きたざわ苑での報告会の基調講演において、「介護力向上講習会」講師でもある国際医療福祉大学大学院の竹内孝仁教授から、まず「要介護5のかたには、身の回りの世話は自立できない、オムツでいい」という考えを捨てるところから始めることだ、との話がありました。確かに何ごとも「できない」「必要ない」と思っていては、実現することは不可能です。

介護職員1
報告した職員のかたは、前の職場では「オムツゼロ」「下剤廃止」と聞いてもピンと来なかった、きたざわ苑に来て実現できてうれしいと話していた
では、具体的なオムツはずしのポイントですが、きたざわ苑では、「歩行能力の改善」「下剤の廃止」「座位(トイレでの)排泄」の3つであるとしています。規則的で自然な排便を取り戻し、歩けるようになればオムツはいらない、というのです。そこで、きたざわ苑がまず取り組んだのは、歩行能力の改善でした。歩けないのは「下肢筋力の低下」のためではなく、「歩き方を忘れた」からであると考え、まずは5秒のつかまり立ちからスタートしたと言います。

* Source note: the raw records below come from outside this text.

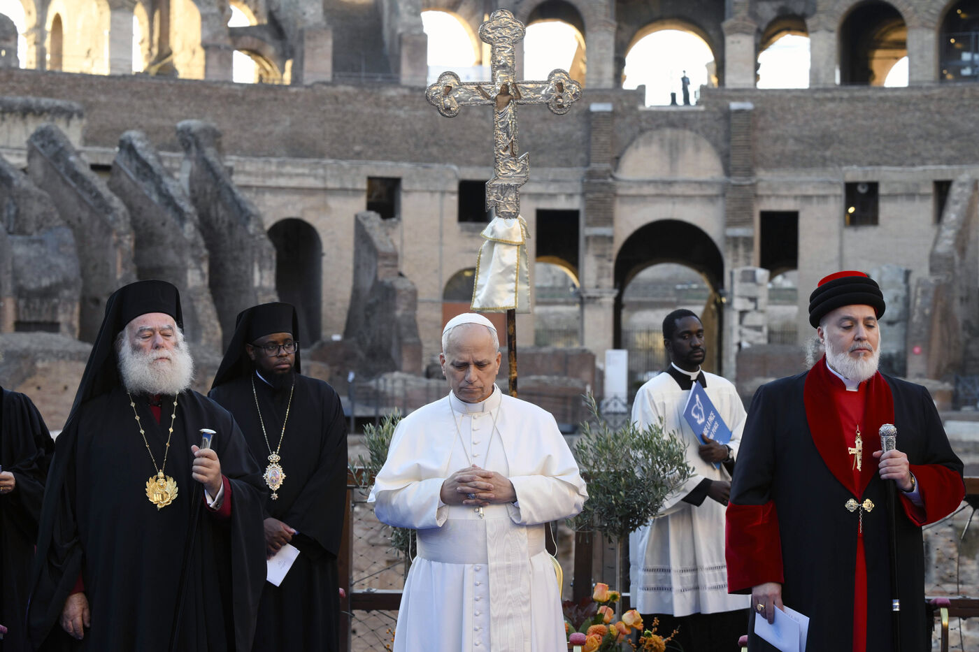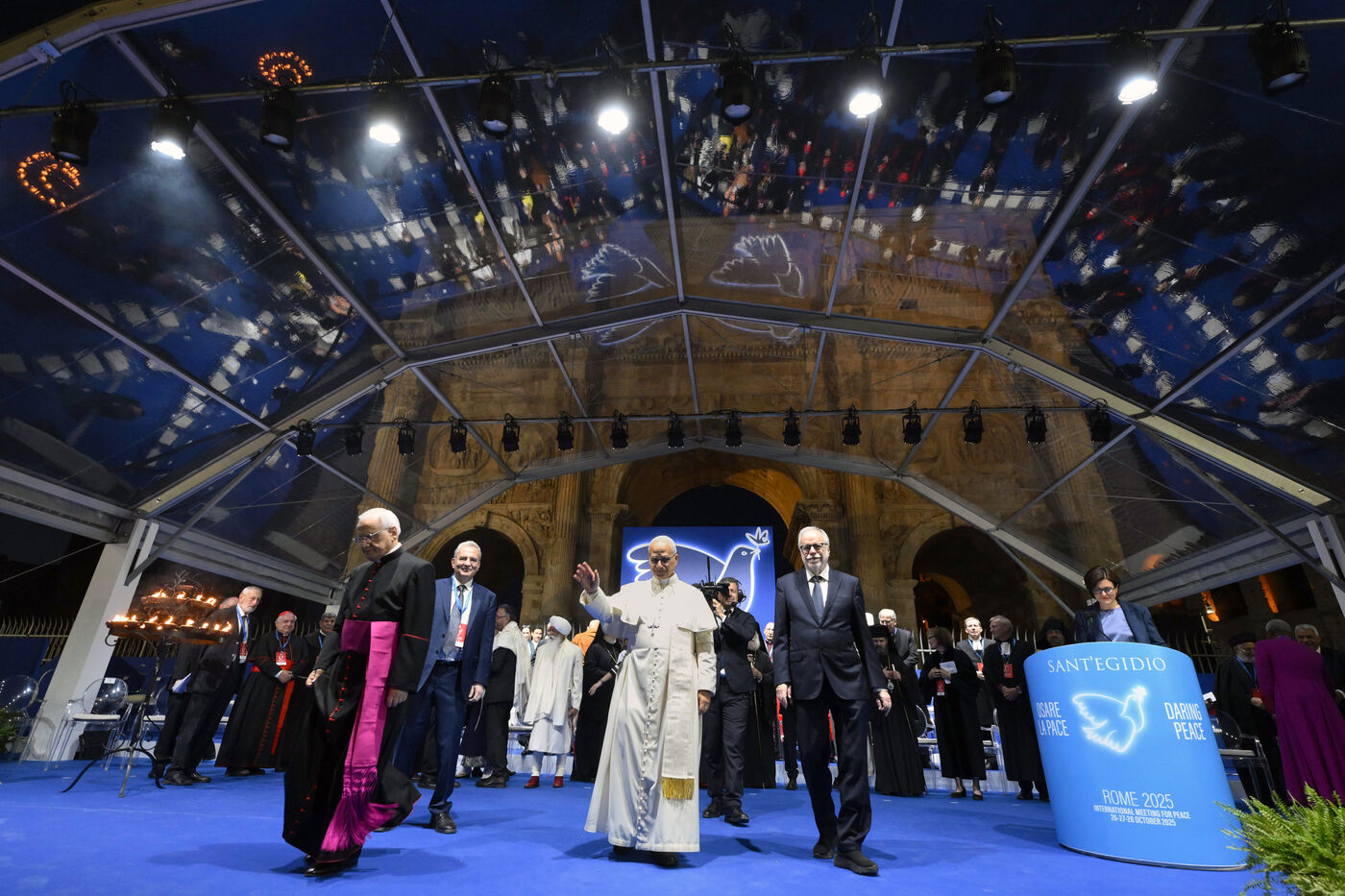 Le pape Léon XIV participe à une rencontre interreligieuse organisée par la Communauté Sant'Egidio pour prier pour la paix devant l'Arc de Constantin, à l'extérieur du Colisée, à Rome, en Italie, le 28 octobre 2025.
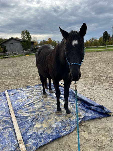 Schweren Herzens suche ich für meinen Schatz ein neues 5-Sterne-Zuhause – für immer. Aufgrund einer falschen Altersangabe durch die Vorbesitzerin ist er mindestens 1,5 Jahre jünger als im Equidenpass vermerkt. Ich habe ihn damals (2011) – mit tatsächlich etwa 2,5 statt 4,5 Jahren (Zahnstatus durch einen Pferdezahnarzt bestätigt) – vor dem Metzger gerettet. Seitdem ist er in meinem Besitz. Ich selbst reite nicht, habe ihm jedoch über viele Jahre hinweg hochwertigen und kontinuierlichen Beritt ermöglicht. Nachdem er solide auf A/L-Niveau ausgebildet war, wurde er zuverlässig und langfristig durch Reitbeteiligungen bewegt, die ihm über mehrere Jahre treu geblieben sind. Heute spüre ich, dass er einen Menschen verdient, der ihm all das geben kann, was ich ihm selbst nicht in vollem Umfang bieten kann: Zeit, Präsenz und eine enge, konstante reiterliche Verbindung. Er steht seit 13 Jahren im Offenstall, ist sehr sozial, menschenbezogen und freundlich im Umgang. Aktuell wird er hinten auf Barhuf umgestellt. Ob dies langfristig gut funktioniert, kann ich noch nicht abschließend beurteilen, da er zuvor immer beschlagen war. Er ist ein sensibles Pferd mit feiner Wahrnehmung und braucht einen ruhigen, klaren Menschen, der gerne mit sensiblen Pferden arbeitet und ihnen mit Ruhe, Geduld und Zuversicht Sicherheit vermitteln kann. Er liebt Abwechslung: Freispringen, kleine Cavalettisprünge, Ausritte in Gesellschaft, Dressur – auch das darf sein –, Bodenarbeit, Stangenarbeit, Schrecktraining … kurz gesagt alles, was Pferd und Mensch gemeinsam vielseitig fördert. Meine Reitbeteiligungen wiegen ca. 55–60 kg. Viel mehr würde ich für ihn auch nicht wollen. Da er nicht weg muss, suche ich ohne Zeitdruck und mit Bedacht. Wichtig ist mir ausschließlich, dass Mensch und Pferd wirklich zueinanderpassen und er ein liebevolles, dauerhaftes Zuhause findet. Am liebsten würde ich ihn in erfahrene Hände geben, die einen eigenen Stall hat, damit er der Prinz sein darf, der er im Herzen schon ist. Für weitere Informationen bitte einfach melden.
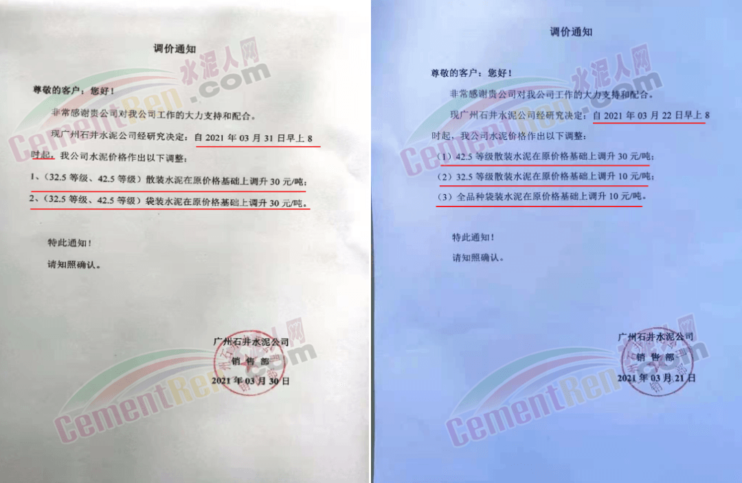 羅浮山水水泥集團(tuán)惠州國(guó)強(qiáng)水泥有限公司、博羅縣浮山水泥有限公司、惠州羅浮山旋窯水泥有限公司、惠州寶湖建材制造有限公司、惠州市惠陽雙新水泥有限公司等多家企業(yè)陸續(xù)通知上調(diào)各標(biāo)號(hào)水泥價(jià)格30元/噸。部分企業(yè)調(diào)價(jià)通知如下:

立てるようになったら、今度は歩行補助具を使い、歩行練習。サークル歩行器、シルバーカー、杖など、補助具も歩行能力の改善に合わせて変えていきます。また、どの補助具を使い、何m歩けたかを毎日記録。改善の状況をしっかり把握します。歩く距離を伸ばしていくと同時に、居室内での歩行を室外に移し、食堂や廊下を歩く、そして最後は屋外での歩行にもチャレンジするなど、歩く範囲も広げていきました。

また、トイレでの自然な排便を促すために、朝起きたときに冷たい牛乳を飲んでもらったり、朝食後など決まった時間にトイレ誘導したり、ファイバーやオリゴ糖を摂取してもらったりしたとのこと。そのほか、トイレの便座に座った際、両手でつかむことで前傾しても体を支えられる補助具「ふんばるくん」を施設で制作。安心して前傾し、腹圧をかけられるようになったことから、自然排便に役立っていると言います。